Третий выпускает завалившегося на спину Разумовского и бежит наверх, вон от реки, к дому и людям, но поскальзывается на дорожке. Когда Волков не спеша подходит к нему, тот ни жив, ни мертв – лицо перекошено, и Олег бьет прямо в исказившийся рот, с наслаждением чувствуя, как резцы с хрустом проминаются внутрь.
Он подходит к Сергею и берет его за шиворот – треснувшая на костяшках кожа саднит и жжет. Поднимает легко, будто Разумовский ничего не весит, и тащит того к реке.
Сергей приходит в себя, когда Олег окунает его голову в бесподобно ледяную воду во второй раз – на первое погружение он даже не реагирует.
Наконец, обжигающе-холодная вода льется за пазуху, и Сергей начинает дергаться. Олег окунает его в третий раз, балансируя на скользком берегу. Волосы оплетают руки, мягкие, будто водоросли, и шелково скользят по ноющим пальцам.

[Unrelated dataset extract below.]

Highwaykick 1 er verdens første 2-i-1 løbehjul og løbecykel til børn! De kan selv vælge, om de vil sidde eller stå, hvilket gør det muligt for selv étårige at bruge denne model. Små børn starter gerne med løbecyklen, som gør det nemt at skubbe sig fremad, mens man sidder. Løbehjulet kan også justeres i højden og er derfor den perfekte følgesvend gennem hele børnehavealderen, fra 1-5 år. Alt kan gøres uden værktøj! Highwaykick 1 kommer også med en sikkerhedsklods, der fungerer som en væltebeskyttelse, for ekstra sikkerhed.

Наконец, Разумовский вскрикивает и принимается вырываться – с удивительным проворством для человека, еще недавно бывшего в отрубе.
Олег все также за шиворот оттаскивает его от воды и усаживает на бревно. Сам садится рядом, стаскивает с себя шерстяной шарф и начинает растирать им Сергею лицо. В глазах того скользит узнавание, потом разгорается злость, и он перехватывает шарф и отталкивает от себя чужие руки.

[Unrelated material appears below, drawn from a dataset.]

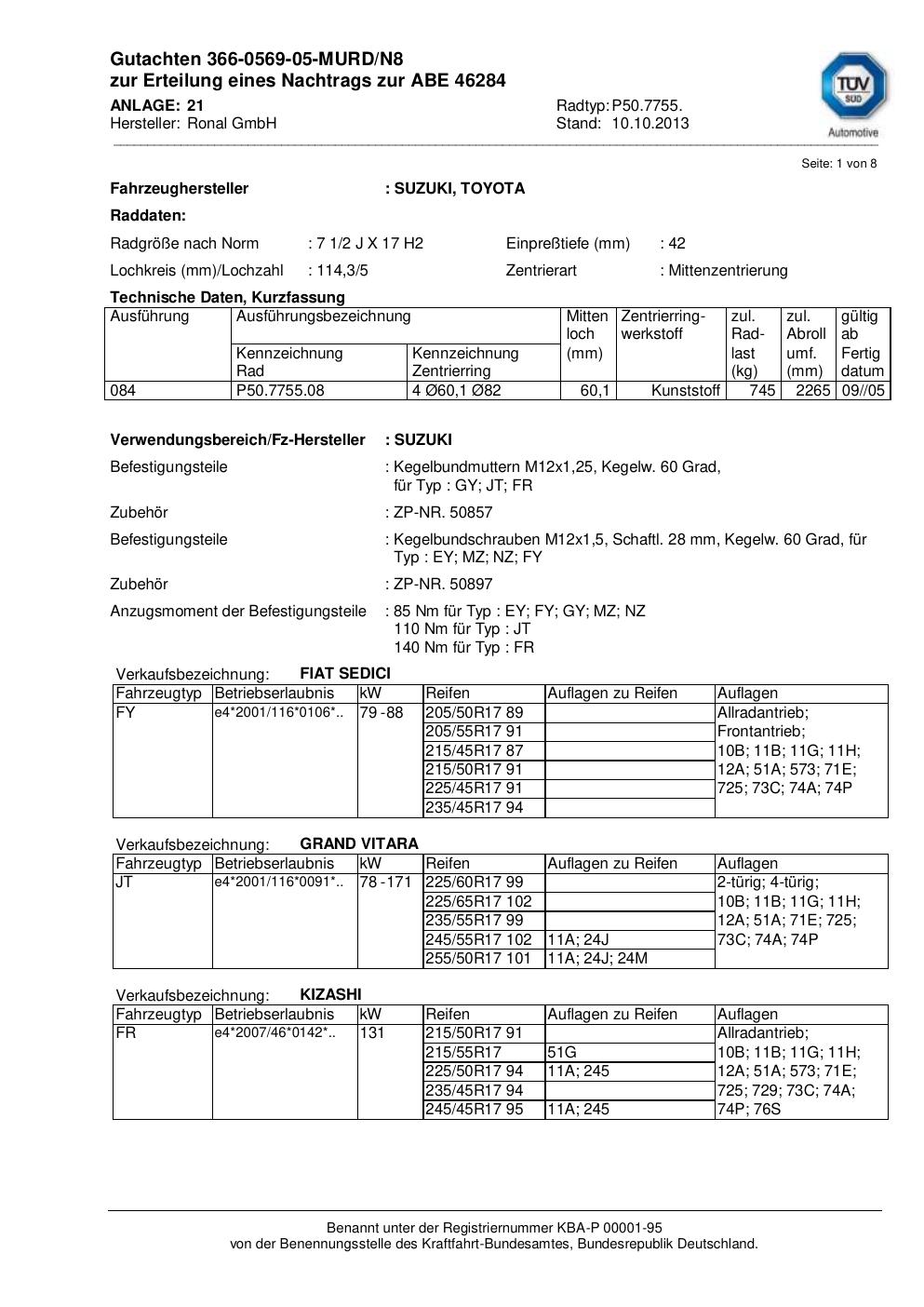 Dieses Gutachten (abe) bezieht sich auf die Alufelge Ronal P50.7755 in der Ausführung 2Jx17 ET 0, Mittenloch 0 mm (KBA 46284). Im PDF findest du typischerweise zulässige Reifengrößen, Auflagen/Anbauhinweise und – je nach Dokument – Hinweise zur Eintragung.

- Ты совсем охуел, блять? Волков, сука, ты ебнулся? Утопить меня вздумал?..
- Просто хотел привести тебя в сознание, - Олег отстраняется. - Ты как?
Разумовский переводит на него злые глаза, кривит рот, а потом только шумно выдыхает и машет рукой.
Вскакивает, оступается – Олег, поднявшийся мгновением ранее, мягко ловит его, хватает и тащит на себя.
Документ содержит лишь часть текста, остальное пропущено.